Foreseen Catastrophic Floods Set Off State Of Emergency In Hawaii

 


On Monday, a major storm system battered Hawaii with torrential rain, prompting forecasters to warn of "dangerous" and "catastrophic" flooding in some areas of the state through Monday night and into Tuesday.

In some regions, more than 2 feet of rain may fall, with widespread quantities of 10 to 15 inches expected.

"Expect widespread heavy rain, especially beneath the broad heavy rain band, capable of catastrophic flooding, and strong gusty southerly winds with this system through Wednesday," the National Weather Service in Honolulu stated.

AccuWeather reported flood watches have been issued for all of the islands and will stay in force until Tuesday. According to the National Weather Service, the islands of Oahu and Kauai are the most vulnerable to flash floods.

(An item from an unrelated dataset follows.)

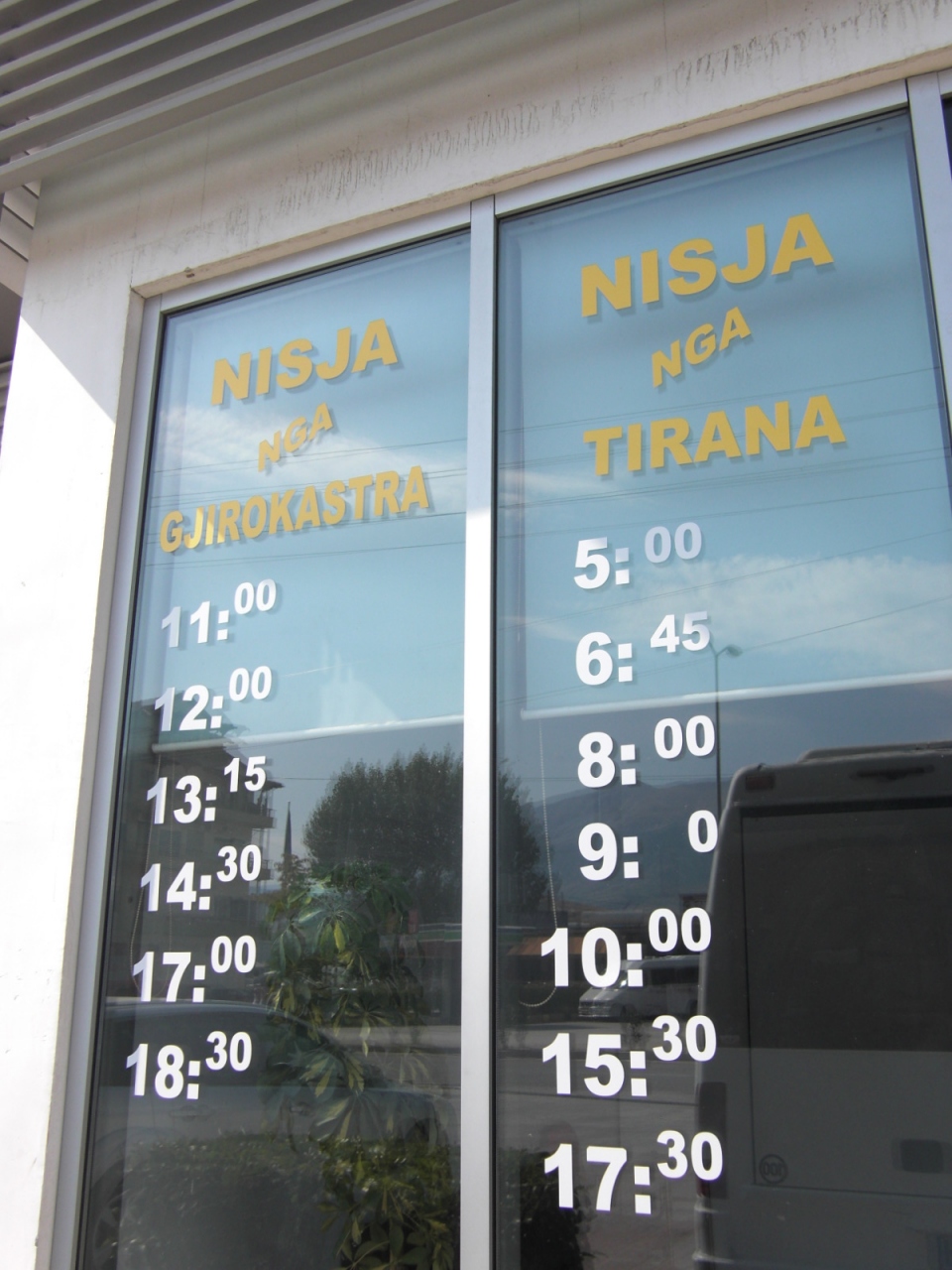 タイムテ-ブルですが、ティラナ・バスタ-ミナルそれにジロカストラ・インフォメ-ションのタイムテ-ブルも正しくなくて正解はジロカストラ・バスステ-ションのタイムテ-ブルのみが正解でした。

Hawaii Gov. David Ige announced a state of emergency for the whole state on Monday afternoon, warning citizens to brace themselves for significant floods, landslides, road closures, and property destruction.

"Now is the time to make sure you have an emergency plan in place and supplies on hand in case you need to evacuate due to rising water," the governor stated.

The state of emergency will be active until December 10.

The National Weather Service warned that such heavy rain could cause flooding in areas that don't normally flood, and numerous landslides are expected.

Due to severe runoff, "low spots" on roads will become dangerous and impassable. Debris in streams and gulches may clog bridges and culverts, resulting in "dangerous flooding," the Weather Service said.